Voice AI platform with text-to-speech, voice typing, and conversational assistant
Speechify operates a consumer voice-AI product stack spanning text-to-speech, dictation, and conversational assistance across web and mobile. The tech footprint—React/Node.js frontend, Python/TensorFlow/PyTorch for ML, Firebase/GCP for data—shows a mobile-first, ML-heavy architecture. Active adoption of Docker/Kubernetes/AWS/Azure signals infrastructure scaling: the pain-point list (data ingestion cost, iOS/Android app scaling, backend performance) and project roadmap (data pipeline, subscription APIs, model datasets) indicate the company is moving from consumer-grade to infrastructure-grade reliability while managing rapid data growth.

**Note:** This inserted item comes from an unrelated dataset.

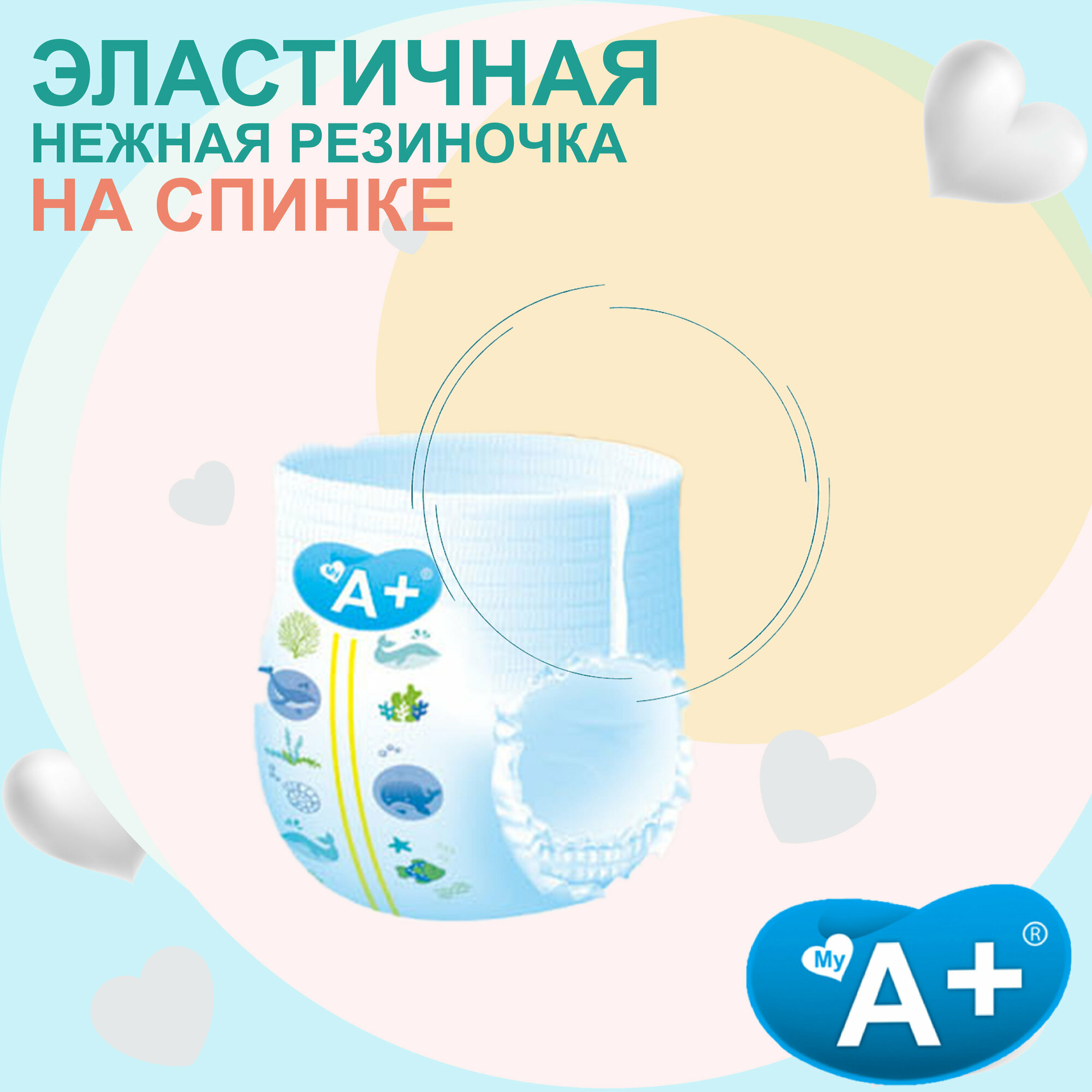 Детские подгузники-трусики My А+ Comfortable, размер S (3-7кг) (34шт/уп)/Q-форма, ультратонкие, мягкий верхний слой Hot Air, с индикатором влажности

Notable leadership hires: Tech Lead, Tech Lead Web Core Product Chrome Extension, Android Tech Lead
Speechify is a consumer voice-AI assistant that reads text aloud in 1000+ voices across 60+ languages, enables voice-based typing, and answers questions within document context. The product reaches 50+ million users and spans desktop (Chrome extension), web (Google Docs/PDFs), and mobile (iOS/Android) platforms. The company is headquartered remotely across 25+ countries and operates a 51–200-person team heavily weighted toward engineering (851 headcount in engineering roles), with smaller data, design, and product functions. Current priorities center on scaling data ingestion pipelines, optimizing mobile app architecture, and building B2B integrations and subscription infrastructure.

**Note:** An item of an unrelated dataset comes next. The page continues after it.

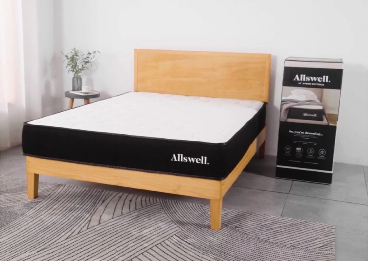 The mattress is TheAllswell 10” hybrid gel memory foam. Great condition with less than 1 year of use.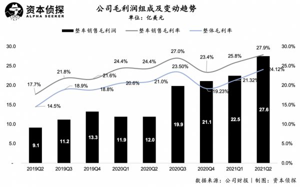 得益于交付量走高,2021年Q2,特斯拉整车销售收入达到98.74亿美元,推动特斯拉总收入同比大增98%达到119.57亿美元;整车销售毛利润达到27.6亿美元,整车销售毛利率再次刷高达到27.9%。特斯拉在造车环节的成本控制能力与定价策略越发精进,销量扩张的同时毛利表现越来越好。

Frontend: JavaScript, React, Redux, TypeScript. Backend: Python, Node.js. ML: TensorFlow, PyTorch. Infrastructure: Firebase, GCP, AWS, Azure, Kubernetes, Docker. Mobile: Swift/SwiftUI (iOS), Android. Currently adopting containerization and multi-cloud deployment.
Speechify hires across 25 countries including US, UK, Germany, Lithuania, Switzerland, Estonia, India, Japan, China, and Southeast Asia. Engineering roles dominate (851 open), with senior-level positions most common (544 total senior headcount across all departments).
Active projects include data ingestion pipeline optimization, B2B solutions integration, internal payment/subscription/auth APIs, iOS and Android app scaling, and ML datasets for next-generation models. Pain points center on reducing data ingestion cost and maintaining performance across growing mobile user bases.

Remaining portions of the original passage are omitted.